Venezuelan President Nicolas Maduro will run for a third term in the July 28 elections, from which the state apparatus has ruled out his main rival - the favourite in opinion polls.
"We will go for another victory," the 61-year-old Maduro said, accepting the official nomination of his ruling PSUV party as his candidate after 11 years in power marked by sanctions, economic collapse and accusations of widespread repression.
There was no challenger from within the Chavista movement, which has been in power for 25 years and bears the name of Maduro's popular predecessor Hugo Chávez.
"I am here for the people, so today, on March 16 this year, 2024, I accept the presidential candidacy for the July 28 elections," the incumbent president said.

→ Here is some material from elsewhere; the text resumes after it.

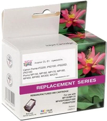 CL51H - якісний сумісний картридж від компанії NewTone. Виготовлений з якісних матеріалів та компонентів в сумісності з оригінальним картриджем. Призначений для встановлення в принтери Canon Pixma iP2200/MP150/170/450. Забезпечує ефективну взаємодію з зазначеними принтерами і відмінні результати у вигляді першокласних відбитків насичених яскравими кольорами та чіткою деталізацією.

At the end of his third consecutive term, Maduro will have served 18 years as president of the once-prosperous South American country.
Since 2013, he has presided over a severe economic crisis, worsened by US sanctions, that has seen 7 million people flee the country and GDP fall 80% in a decade.
Backed by a system of political patronage, the military, and Cuba, Russia and China, he consolidated his power over parliament, the judiciary and other state institutions, and imprisoned and neutralised critics and challengers.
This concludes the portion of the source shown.